### Problem description
In the entries below, begin at the line that has "Л. М. Реутова." and stop after the line that has "RENAULT Радіатор кондиціонера"; output those lines exactly, leaving out pictures.

### Input data

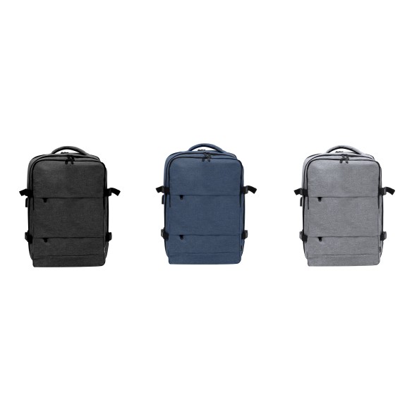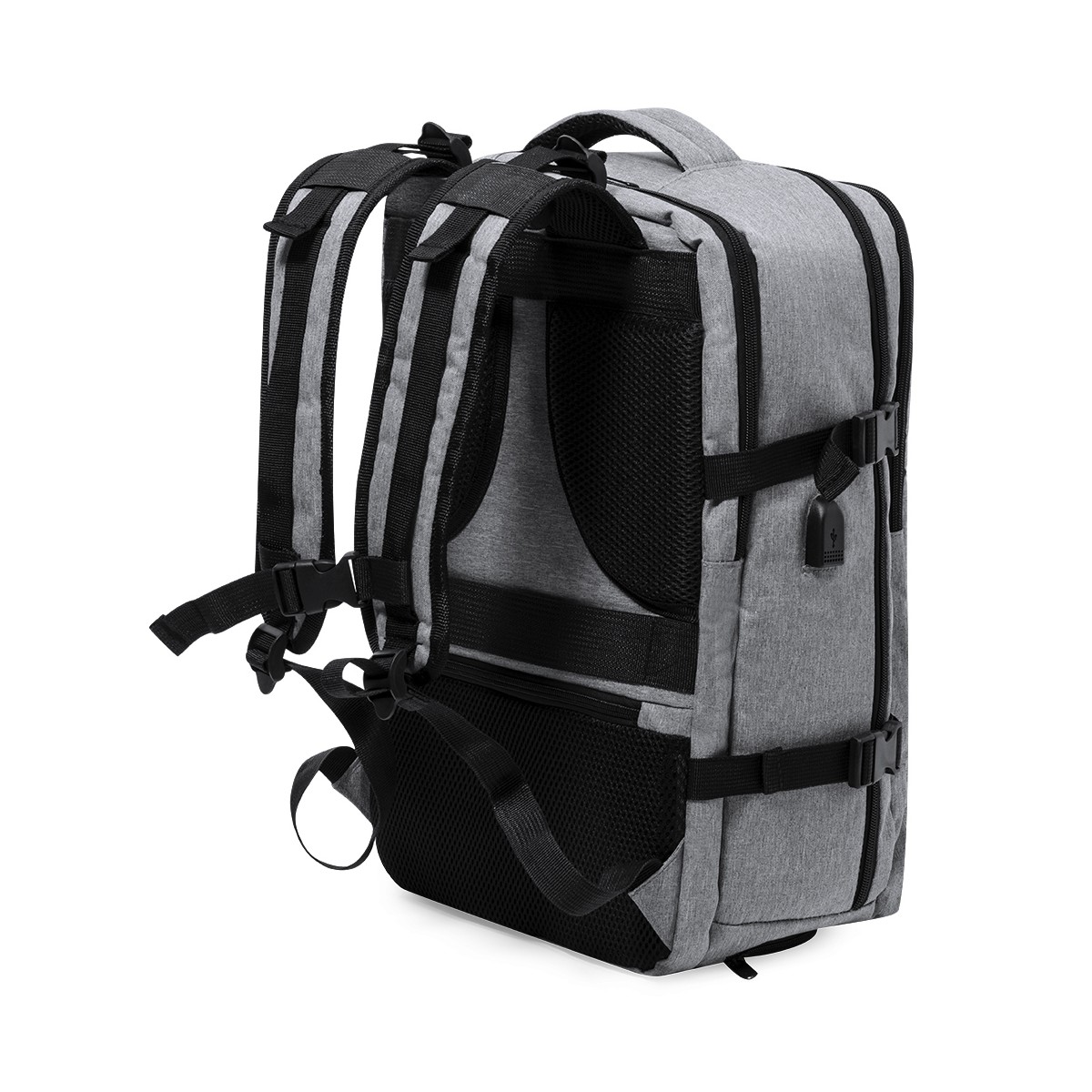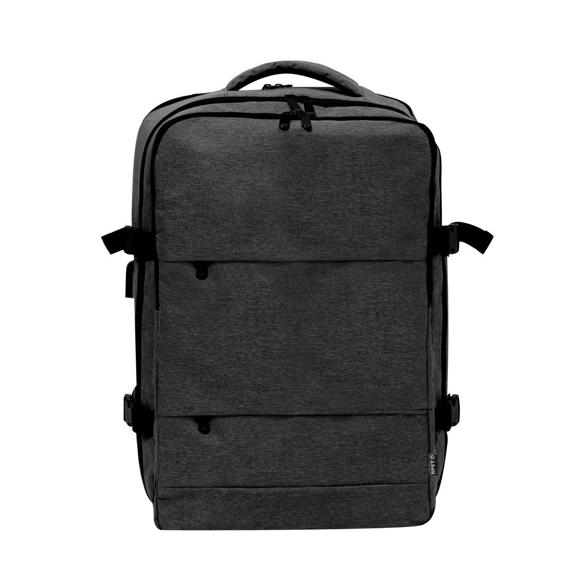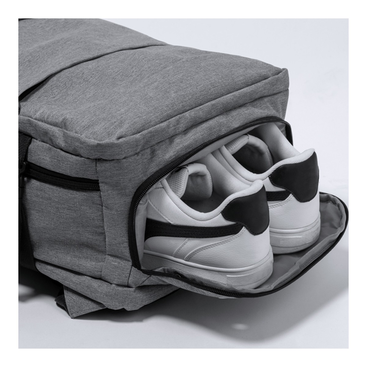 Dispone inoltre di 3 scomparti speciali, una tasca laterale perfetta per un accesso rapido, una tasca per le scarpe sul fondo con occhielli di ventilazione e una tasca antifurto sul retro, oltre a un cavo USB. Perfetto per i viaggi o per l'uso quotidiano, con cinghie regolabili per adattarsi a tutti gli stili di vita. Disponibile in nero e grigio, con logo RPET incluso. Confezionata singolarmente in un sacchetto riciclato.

==

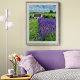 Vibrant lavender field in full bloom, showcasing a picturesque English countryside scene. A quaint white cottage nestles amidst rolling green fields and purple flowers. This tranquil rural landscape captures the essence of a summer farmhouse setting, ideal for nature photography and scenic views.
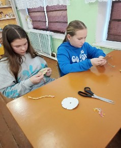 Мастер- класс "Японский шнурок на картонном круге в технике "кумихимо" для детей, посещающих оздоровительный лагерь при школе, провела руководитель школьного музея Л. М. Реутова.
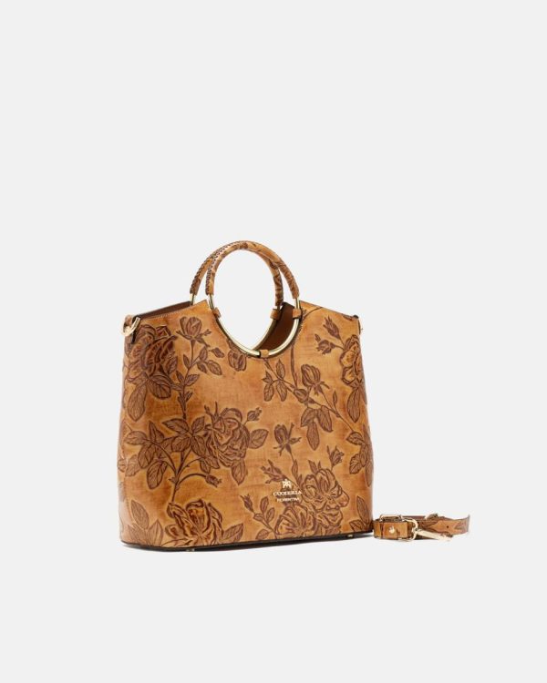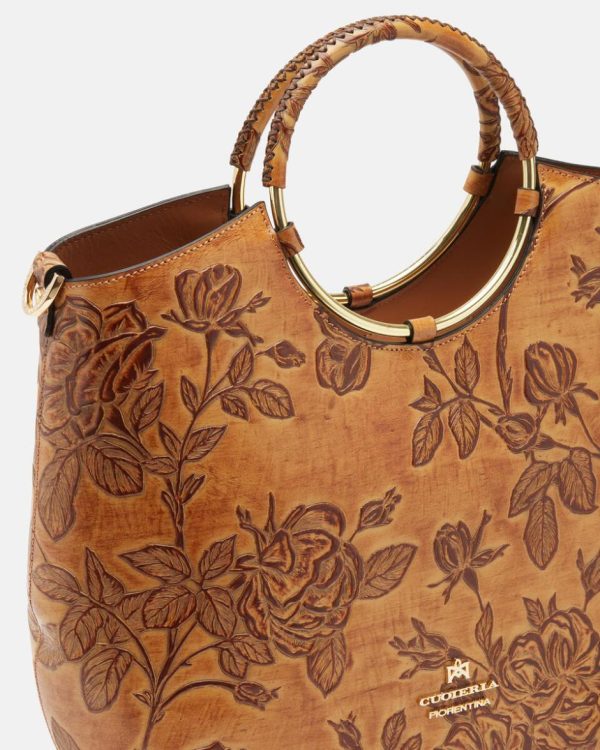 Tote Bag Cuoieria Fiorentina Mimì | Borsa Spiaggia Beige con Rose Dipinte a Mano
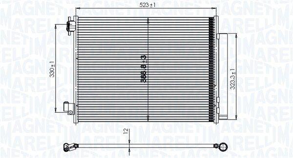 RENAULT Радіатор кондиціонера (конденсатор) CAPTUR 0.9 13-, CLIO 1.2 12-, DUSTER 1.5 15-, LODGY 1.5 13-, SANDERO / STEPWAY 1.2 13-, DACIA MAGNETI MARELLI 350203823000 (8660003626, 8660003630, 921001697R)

* * *

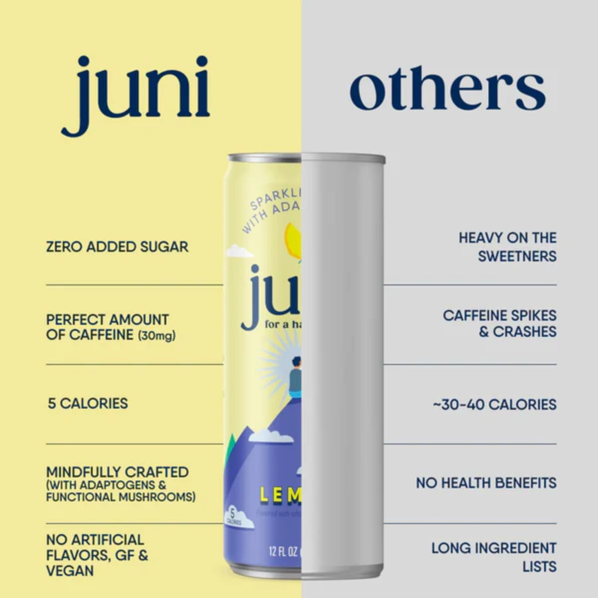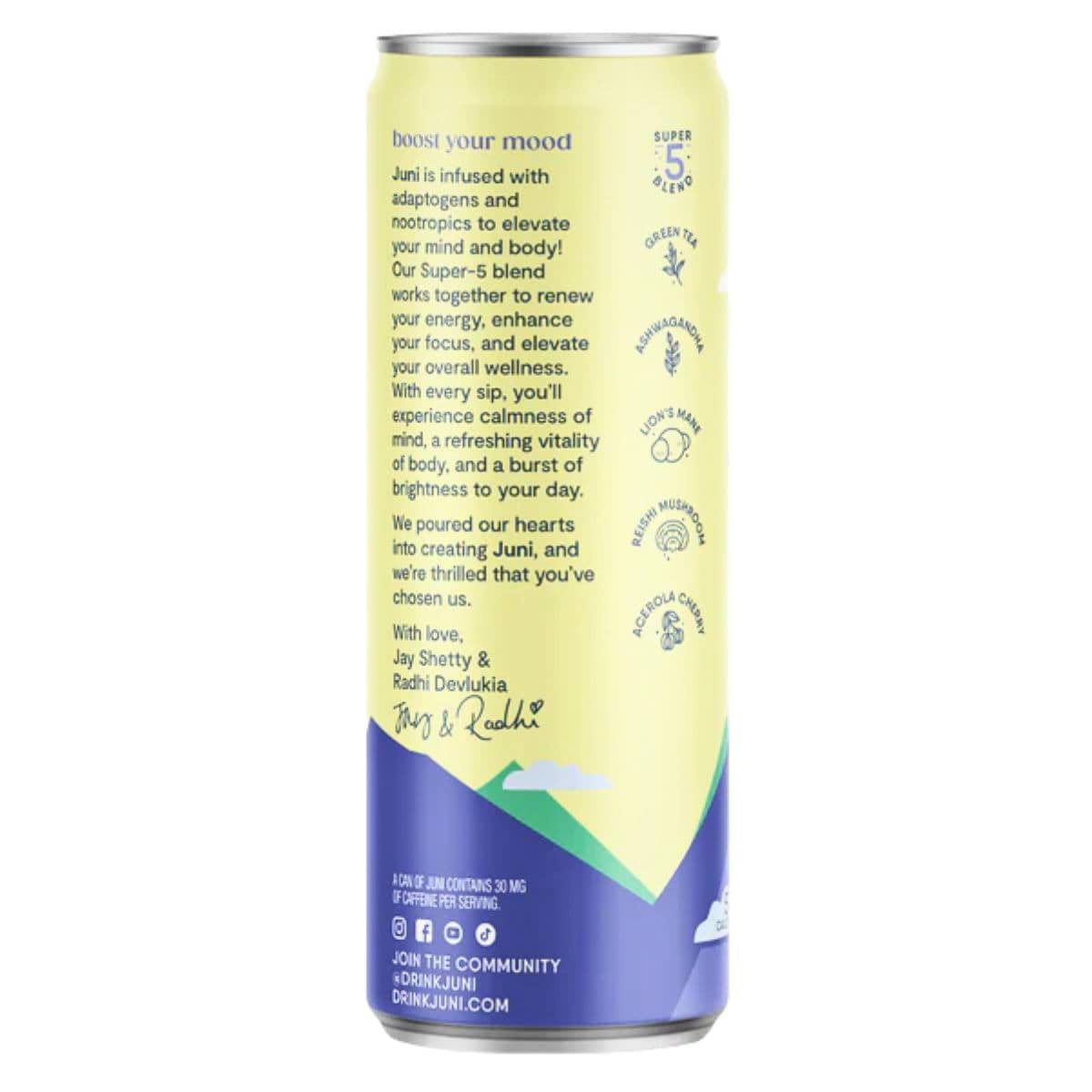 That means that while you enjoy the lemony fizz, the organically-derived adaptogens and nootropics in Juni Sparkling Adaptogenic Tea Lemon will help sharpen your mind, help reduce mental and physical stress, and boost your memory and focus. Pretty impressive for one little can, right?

### Response
 Мастер- класс "Японский шнурок на картонном круге в технике "кумихимо" для детей, посещающих оздоровительный лагерь при школе, провела руководитель школьного музея Л. М. Реутова.
 Tote Bag Cuoieria Fiorentina Mimì | Borsa Spiaggia Beige con Rose Dipinte a Mano
 RENAULT Радіатор кондиціонера (конденсатор) CAPTUR 0.9 13-, CLIO 1.2 12-, DUSTER 1.5 15-, LODGY 1.5 13-, SANDERO / STEPWAY 1.2 13-, DACIA MAGNETI MARELLI 350203823000 (8660003626, 8660003630, 921001697R)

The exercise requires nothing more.